UEC prototype appliance [was: Re: moodle appliance update]

Dustin Kirkland kirkland at canonical.com
Mon Oct 5 23:17:55 BST 2009


On Thu, 2009-09-24 at 14:02 -0700, Matt Zimmerman wrote:
> Can we move this discussion to a public mailing list?  Feel free to quote
> anything I have said below and reply on ubuntu-devel.

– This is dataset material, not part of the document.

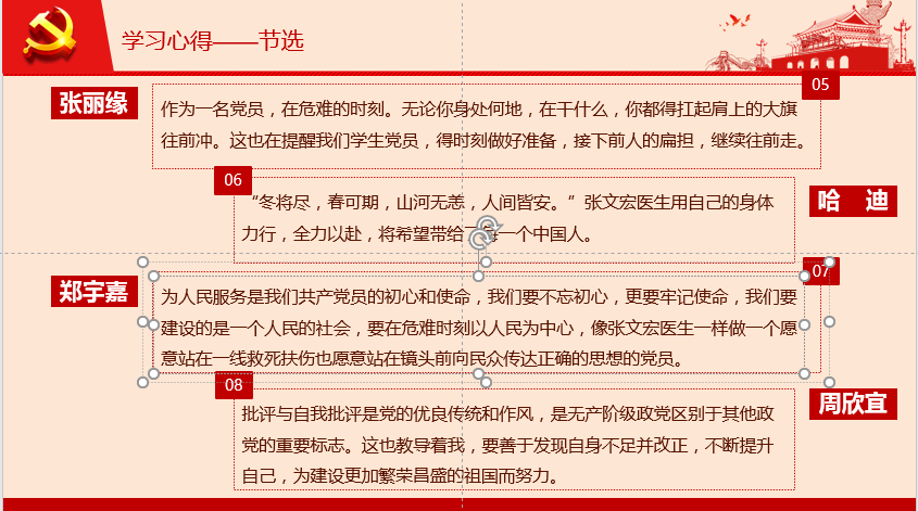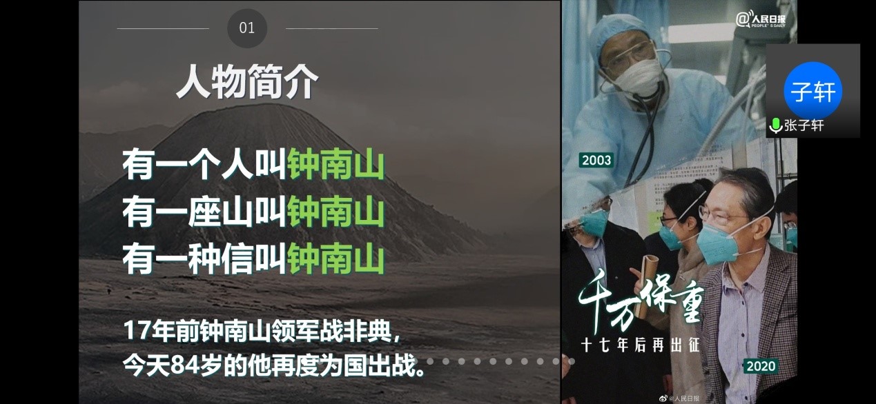 会上,各小组为我们讲述了为国出征的钟南山院士、心怀天下的李兰娟院士、疫情的第一批“吹哨人”李文亮医生、渐冻症患者张定宇院长、“硬核医生”张文宏、援鄂护士张静静的感人故事,分享了他们的学习心得。通过他们的汇报,让我们感受到了在抗击疫情过程中展现的中国精神和中国力量。

Cool.  CC'ing ubuntu-devel@ now.

> On Thu, Sep 24, 2009 at 01:46:58AM -0700, Dustin Kirkland wrote:
> > On Wed, 2009-09-23 at 10:38 -0700, Matt Zimmerman wrote:
> > >    + Adapting to fit the UEC storage model (non-persistent OS image)
> > > [...]
> > This helps a lot.
> > 
> > Okay, so (once again) Moodle has proven to be an exceedingly difficult
> > project to produce a web-appliance-ize.  Its preinstallation debconf
> > questions, requirements on having a running database, and database
> > population have presented a number of problems that, while perhaps
> > solvable, are most certainly non-trivial
> > 
> > Thus, I have refined the appliance target further, to something that
> > installs cleanly without critical priority debconf questions -- a gobby
> > server.
> 
> This is worth doing in order to get over the hurdle of having no appliances
> at all.  However, I think for the "big splash" at 9.10 we are going to need
> to have something which is more applicable to clients which are not running
> Ubuntu, i.e. probably a web-based application.
> 
> > Using the Jaunty UEC images at:
> >  * http://uec-images.ubuntu.com/jaunty/current/
> > I installed the gobby server package (sobby).  Note that I had to write
> > and install an init script (which I'm hoping to upload as a bug-fix to
> > karmic soon, LP: #435724).
> > 
> > This image should be relatively straight forward and work in UEC.  Users
> > of the image should simply run Gobby locally, and Join a Session located
> > at the IP address or hostname of the appliance.
> > 
> > This image is located at:
> > http://rookery.canonical.com/~kirkland/ubuntu-uec-jaunty-gobby-amd64.img.gz
> 
> What happens to the Gobby document data when the instance is terminated?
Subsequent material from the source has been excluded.